An acid HA has Ka = 2.28 x 10^-4. The % ionisation of this acid in a 0.170 M solution of the acid in water is?
An acid HA has Ka = 2.28 x 10^-4. The % ionisation of this acid in a 0.170 M solution of the acid in water is closest to
a. 2.930 %
b. 3.662 %
c. 2.564 %
d. 0.498 %
e. 0.436 %
f. 0.623 %
I got b for the answer.. but not sure for it.. please help, thanks !!
I worked this in my head and b looks right to me. Hope I didn't miss anything.
Thanks! Really appreciate it!
To find the percent ionization of the acid HA in a 0.170 M solution, we can use the equation:
% Ionization = (concentration of ionized acid / initial concentration of acid) x 100
In this case, the initial concentration of acid (HA) is 0.170 M.
We need to find the concentration of ionized acid. The ionization reaction for the acid HA can be written as:
HA ⇌ H+ + A-
Since the acid is monoprotic (only donates one proton), the concentration of H+ ions will be equal to the concentration of ionized acid.
To determine the concentration of H+ ions, we can use the equation:
Ka = [H+][A-] / [HA]
We know the value of Ka is 2.28 x 10^-4. Let's assume x is the concentration of H+ ions.

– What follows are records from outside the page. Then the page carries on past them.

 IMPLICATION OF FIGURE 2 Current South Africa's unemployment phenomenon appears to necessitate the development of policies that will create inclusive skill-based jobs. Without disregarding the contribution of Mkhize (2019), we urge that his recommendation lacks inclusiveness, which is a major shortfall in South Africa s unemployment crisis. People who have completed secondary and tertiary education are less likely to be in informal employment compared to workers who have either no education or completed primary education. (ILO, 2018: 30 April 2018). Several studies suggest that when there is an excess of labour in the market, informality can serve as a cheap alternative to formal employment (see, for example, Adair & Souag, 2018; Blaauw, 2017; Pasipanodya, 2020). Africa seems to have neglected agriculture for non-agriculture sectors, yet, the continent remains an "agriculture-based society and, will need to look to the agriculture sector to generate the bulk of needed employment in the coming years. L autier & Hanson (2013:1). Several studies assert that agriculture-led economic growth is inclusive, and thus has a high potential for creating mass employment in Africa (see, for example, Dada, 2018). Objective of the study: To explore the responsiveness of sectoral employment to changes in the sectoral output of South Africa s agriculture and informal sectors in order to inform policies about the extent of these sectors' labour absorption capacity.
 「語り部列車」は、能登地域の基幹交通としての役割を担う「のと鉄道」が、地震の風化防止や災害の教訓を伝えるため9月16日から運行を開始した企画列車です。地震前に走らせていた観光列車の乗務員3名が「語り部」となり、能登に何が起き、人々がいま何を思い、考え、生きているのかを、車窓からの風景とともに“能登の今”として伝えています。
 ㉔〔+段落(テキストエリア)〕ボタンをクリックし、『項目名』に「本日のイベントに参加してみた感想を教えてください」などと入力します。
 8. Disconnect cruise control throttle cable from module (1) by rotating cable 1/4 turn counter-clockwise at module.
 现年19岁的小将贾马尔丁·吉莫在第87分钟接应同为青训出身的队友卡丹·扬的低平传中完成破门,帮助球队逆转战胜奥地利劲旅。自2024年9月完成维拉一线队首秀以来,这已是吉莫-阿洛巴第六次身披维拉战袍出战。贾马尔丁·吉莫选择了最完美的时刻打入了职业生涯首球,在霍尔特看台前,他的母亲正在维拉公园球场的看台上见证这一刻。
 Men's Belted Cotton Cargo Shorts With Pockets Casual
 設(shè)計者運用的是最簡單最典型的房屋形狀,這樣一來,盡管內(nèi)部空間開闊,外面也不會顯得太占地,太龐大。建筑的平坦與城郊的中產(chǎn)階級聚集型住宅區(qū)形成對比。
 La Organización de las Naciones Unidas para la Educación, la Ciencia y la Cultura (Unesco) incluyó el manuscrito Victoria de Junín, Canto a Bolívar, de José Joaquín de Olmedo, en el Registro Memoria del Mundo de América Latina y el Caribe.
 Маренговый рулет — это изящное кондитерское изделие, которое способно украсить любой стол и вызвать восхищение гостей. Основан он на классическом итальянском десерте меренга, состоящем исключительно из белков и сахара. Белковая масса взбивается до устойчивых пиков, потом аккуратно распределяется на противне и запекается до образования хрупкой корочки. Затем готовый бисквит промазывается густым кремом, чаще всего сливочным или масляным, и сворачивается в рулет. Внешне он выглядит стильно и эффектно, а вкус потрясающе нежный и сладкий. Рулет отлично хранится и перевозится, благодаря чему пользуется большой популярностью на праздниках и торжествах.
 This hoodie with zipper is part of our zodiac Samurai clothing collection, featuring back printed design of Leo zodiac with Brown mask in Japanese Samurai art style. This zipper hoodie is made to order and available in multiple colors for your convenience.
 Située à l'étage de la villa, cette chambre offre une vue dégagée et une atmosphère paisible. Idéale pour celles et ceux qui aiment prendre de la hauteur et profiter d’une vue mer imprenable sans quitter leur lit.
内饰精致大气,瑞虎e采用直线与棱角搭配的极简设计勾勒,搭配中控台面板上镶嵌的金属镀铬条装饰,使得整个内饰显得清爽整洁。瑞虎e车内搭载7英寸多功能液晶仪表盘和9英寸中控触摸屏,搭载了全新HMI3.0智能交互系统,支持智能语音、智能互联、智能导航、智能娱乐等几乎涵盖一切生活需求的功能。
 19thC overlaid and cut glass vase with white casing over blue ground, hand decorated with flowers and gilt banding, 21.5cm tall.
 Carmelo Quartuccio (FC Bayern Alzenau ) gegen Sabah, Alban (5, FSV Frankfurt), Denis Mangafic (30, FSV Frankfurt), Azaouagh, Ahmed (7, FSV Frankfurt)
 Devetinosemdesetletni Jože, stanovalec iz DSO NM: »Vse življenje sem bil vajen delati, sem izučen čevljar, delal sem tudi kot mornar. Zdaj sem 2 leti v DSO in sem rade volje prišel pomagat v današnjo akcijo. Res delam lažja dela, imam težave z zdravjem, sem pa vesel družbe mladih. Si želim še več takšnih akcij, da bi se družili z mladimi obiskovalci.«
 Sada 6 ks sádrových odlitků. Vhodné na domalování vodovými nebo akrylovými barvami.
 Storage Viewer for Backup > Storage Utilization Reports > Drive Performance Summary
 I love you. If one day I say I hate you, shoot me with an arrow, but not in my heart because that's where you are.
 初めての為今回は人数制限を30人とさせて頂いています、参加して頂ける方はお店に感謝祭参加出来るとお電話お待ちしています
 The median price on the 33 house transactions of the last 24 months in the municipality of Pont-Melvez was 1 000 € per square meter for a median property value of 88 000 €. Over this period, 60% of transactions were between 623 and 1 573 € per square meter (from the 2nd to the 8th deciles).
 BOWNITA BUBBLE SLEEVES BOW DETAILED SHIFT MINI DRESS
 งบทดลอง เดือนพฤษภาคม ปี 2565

Using the given Ka expression, we can write the equation:
2.28 x 10^-4 = x^2 / (0.170 - x)
Since x is assumed to be much smaller than 0.170, we can simplify the equation to:
2.28 x 10^-4 ≈ x^2 / 0.170
To solve for x, we can rearrange the equation:
x^2 = (2.28 x 10^-4)(0.170)
x^2 ≈ 3.876 x 10^-5
x ≈ √(3.876 x 10^-5)
x ≈ 0.00622
Now, we can calculate the percent ionization using the equation mentioned earlier:
% Ionization = (concentration of ionized acid / initial concentration of acid) x 100
% Ionization ≈ (0.00622 / 0.170) x 100
% Ionization ≈ 3.662 %
Therefore, the closest answer is b. 3.662 %.
To find the percent ionization of an acid, we can use the formula:
% Ionization = (concentration of ionized acid)/(initial concentration of acid) * 100
First, let's determine the concentration of the ionized acid. In a solution of the acid HA, some amount of HA will ionize to give H+ ions. Let's assume that x moles of HA ionize, then the concentration of ionized acid will be x M.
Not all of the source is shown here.